:: Data for processing ::
Start of Block

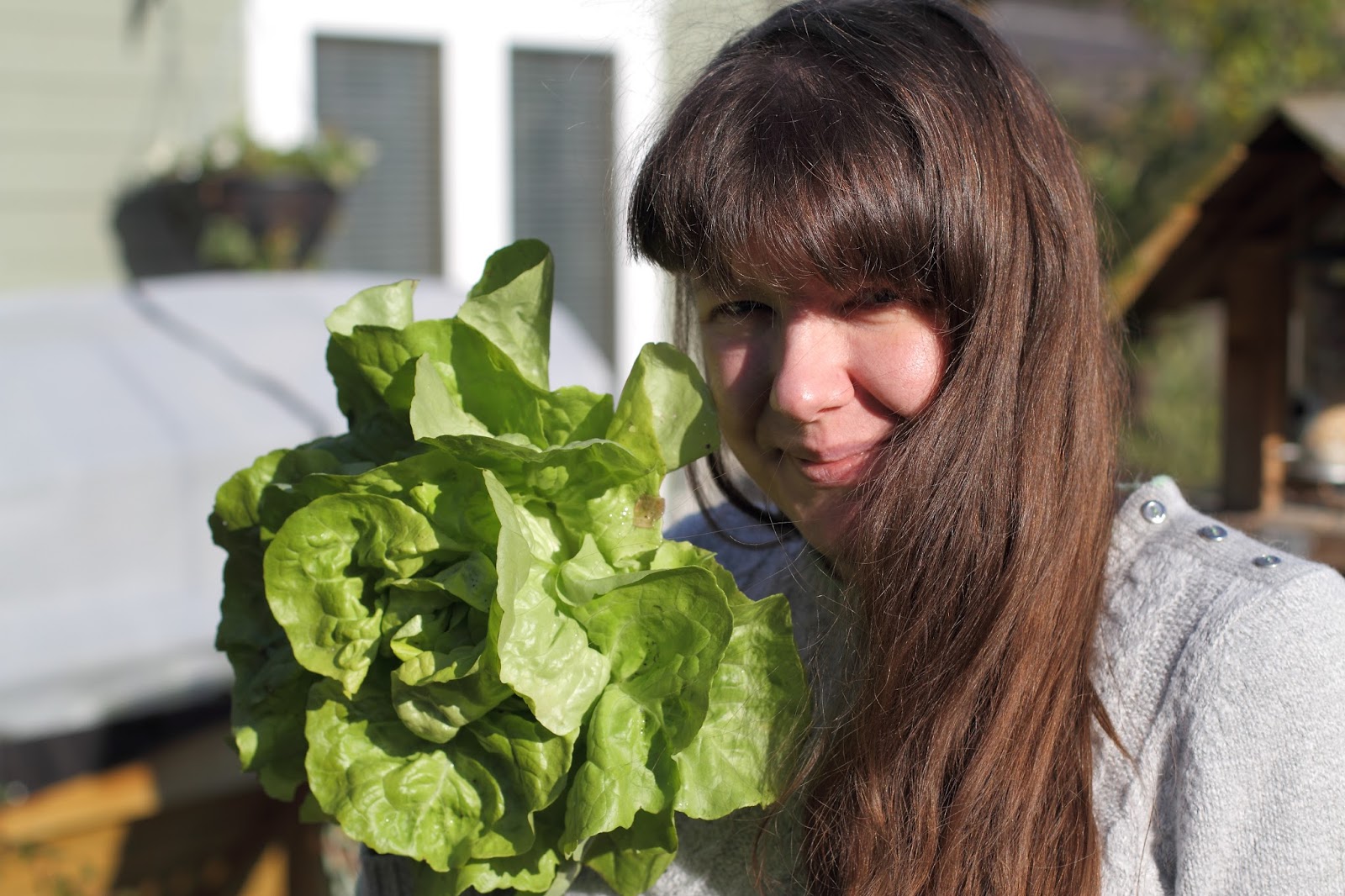 I model a winter lettuce - a woman with a lot of hair holds a lovely green lettuce as big as her head.
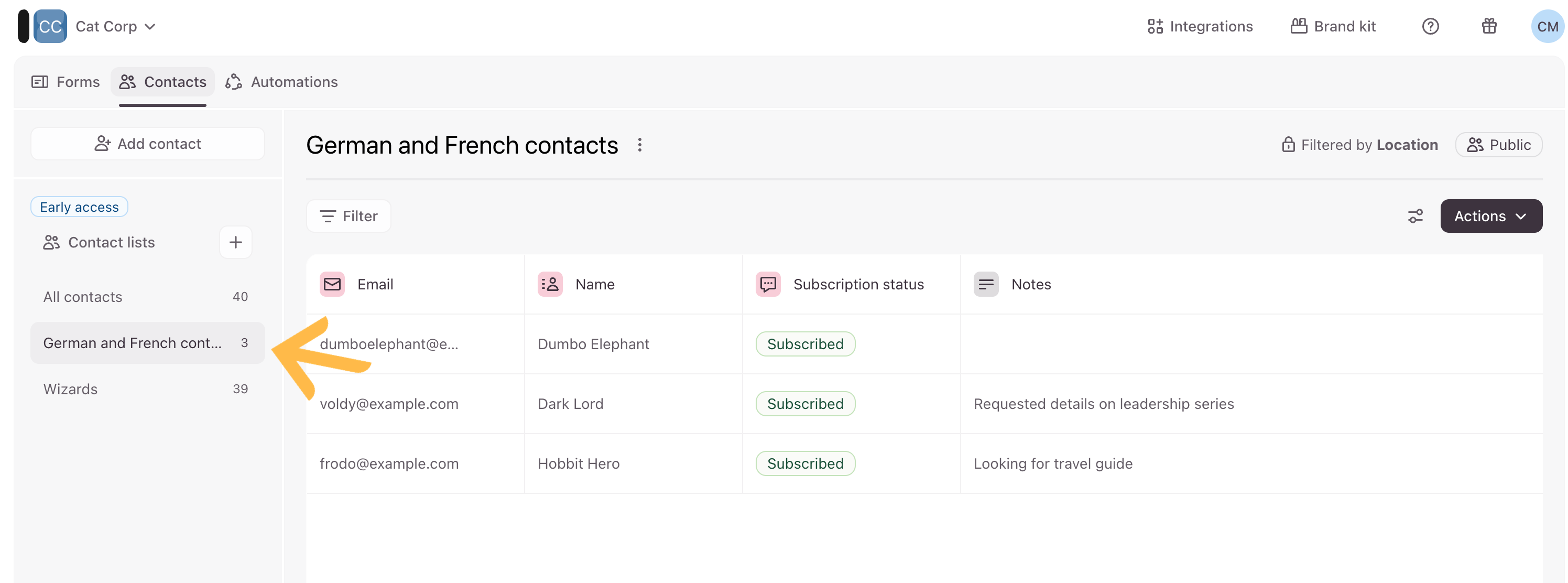 Now you’ll see that a new list called German and French contacts has been created under Contact lists on the left-hand side of your screen.
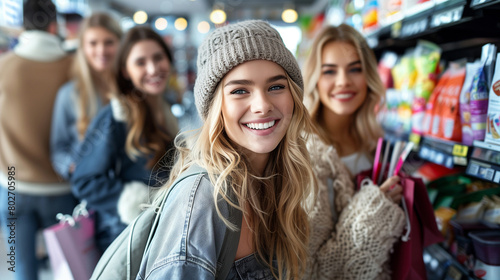 Group of happy friends shopping in store.
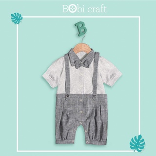 Quần áo trẻ em Bobicraft - Bộ đồ liền thân bodysuit ROMPER QUẦN YẾM BÉ TRAI CARO XÁM - Cotton hữu cơ organic an toàn
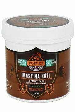 Mast na ekzematickou kůži je určena pro koně s kožními problémy. Originální receptura pokožku vyživuje, hydratuje a chrání před vnějším prostředím. Bylinná kompozice pokožku zvláčňuje, snižuje svědivost a obnovuje elasticitu. Je vhodná na rozškrábanou pokožku pro koně s letní vyrážkou. Mast vykazuje dlouhodobý účinek.
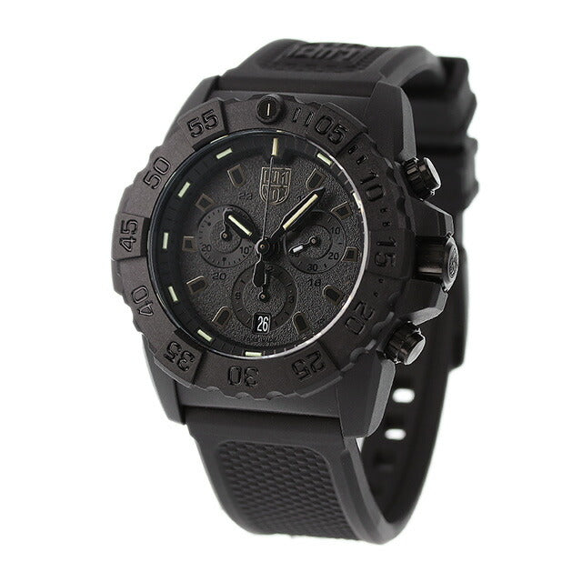 7年保証キャンペーン ルミノックス ネイビーシールズ クロノグラフ 3580 シリーズ 45mm スイス製 クオーツ メンズ 腕時計 l3581-BO LUMINOX NAVY SEAL CHRONOGRAPH 3580 SERIES アナログ オールブラック ◆LUMINOX(ルミノックス)は1989年に創業。高性能なスポーツラインを展開しており、ラテン語で「明るい夜」を意味するブランド名を掲げているように、最先端の発光と視認性の良さを特徴としています。極限の状況下で行われるミッションで必要となる視認性を確保しているルミノックス時計は、特殊軍用時計として絶対的な信頼感を得ています。 3500シリーズデザインをベースに3080シリーズがリニューアル。文字盤のアラビアンインデックスをバーインデックスに変更することで、絶妙なデザインバランスに。文字盤には、ネイビーシールズのスローガンである「THE ONLY EASY DAY WAS YESTERDAY」が刻まれています。また、裏蓋をステンレスに変更し、堅牢性をアップ。ベルトも耐久性を高めるためにラバーに変更しました。
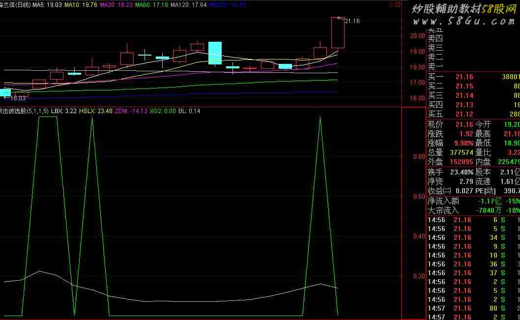 用法,五线顺上出信号有效,其他无效。LBX:V/REF(MA(V,5),1),NODRAW;HSLX:VOL/FINANCE(7)*10000,NODRAW; ZDM:(ACTINVOL-ACTOUTVOL)/VOL*100,NODRAW;XG2:LBX>1.5 AND HSLX>2 AND ZDM>10;BL:LBX/HSLX;
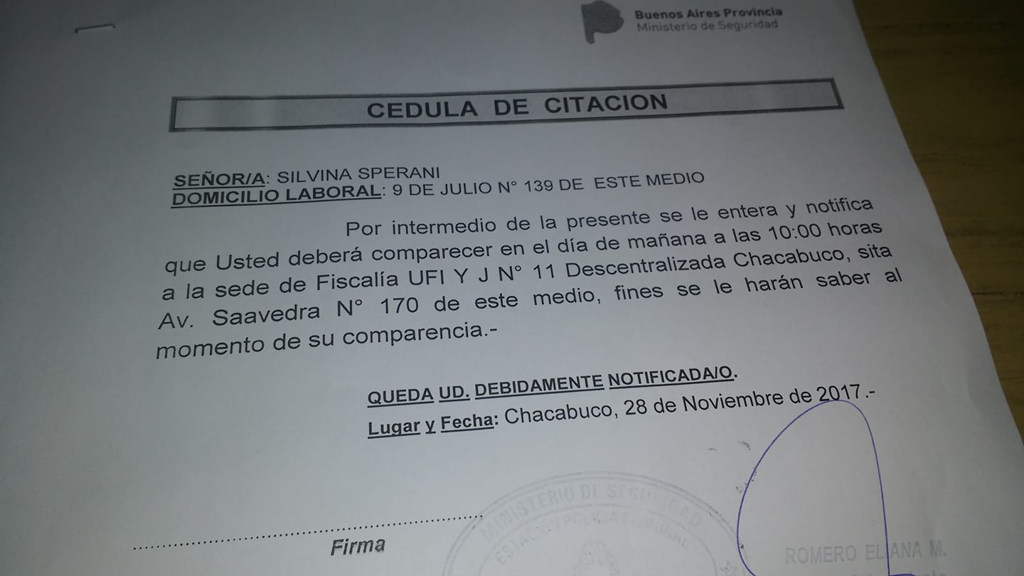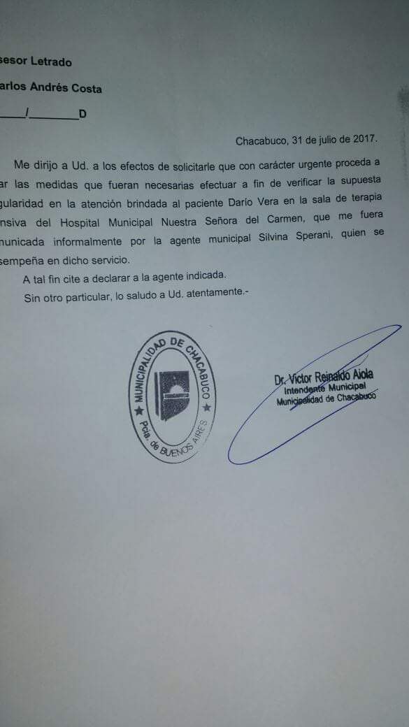 Entre las publicaciones que realizó se encuentra una nota del Intendente Víctor Aiola, dirigida al asesor letrado, Carlos Costa en la que le pide “tomar las medidas necesarias a fin de verificar la supuesta irregularidad en la atención brindada al paciente Darío Vera en la sala de Terapia Intensiva del Hospital del Carmen, que me fuera comunicada informalmente por la agente municipal Silvina Sperani”. Sobre el final de la nota, que tiene fecha del 31 de julio, Aiola le pide a Costa que la cite a declarar. A raíz de las publicaciones de la empleada, en el día de hoy le llegó una citación de la Fiscalía UFI y J Nº 11 descentralizada de Chacabuco para que preste declaración. En su muro de Facebook, Sperani asegura tener como pruebas distintos audios grabados de conversaciones con funcionarios municipales.Nota de Aiola a Costa

End of Block

Return exactly the lines that appear in the data above between the line containing "Quần áo trẻ" and the line containing "7年保証キャンペーン ルミノックス ネイビーシールズ", both of which are included, and leave the pictures out.

 Quần áo trẻ em Bobicraft - Bộ đồ liền thân bodysuit ROMPER QUẦN YẾM BÉ TRAI CARO XÁM - Cotton hữu cơ organic an toàn
 Mast na ekzematickou kůži je určena pro koně s kožními problémy. Originální receptura pokožku vyživuje, hydratuje a chrání před vnějším prostředím. Bylinná kompozice pokožku zvláčňuje, snižuje svědivost a obnovuje elasticitu. Je vhodná na rozškrábanou pokožku pro koně s letní vyrážkou. Mast vykazuje dlouhodobý účinek.
 7年保証キャンペーン ルミノックス ネイビーシールズ クロノグラフ 3580 シリーズ 45mm スイス製 クオーツ メンズ 腕時計 l3581-BO LUMINOX NAVY SEAL CHRONOGRAPH 3580 SERIES アナログ オールブラック ◆LUMINOX(ルミノックス)は1989年に創業。高性能なスポーツラインを展開しており、ラテン語で「明るい夜」を意味するブランド名を掲げているように、最先端の発光と視認性の良さを特徴としています。極限の状況下で行われるミッションで必要となる視認性を確保しているルミノックス時計は、特殊軍用時計として絶対的な信頼感を得ています。 3500シリーズデザインをベースに3080シリーズがリニューアル。文字盤のアラビアンインデックスをバーインデックスに変更することで、絶妙なデザインバランスに。文字盤には、ネイビーシールズのスローガンである「THE ONLY EASY DAY WAS YESTERDAY」が刻まれています。また、裏蓋をステンレスに変更し、堅牢性をアップ。ベルトも耐久性を高めるためにラバーに変更しました。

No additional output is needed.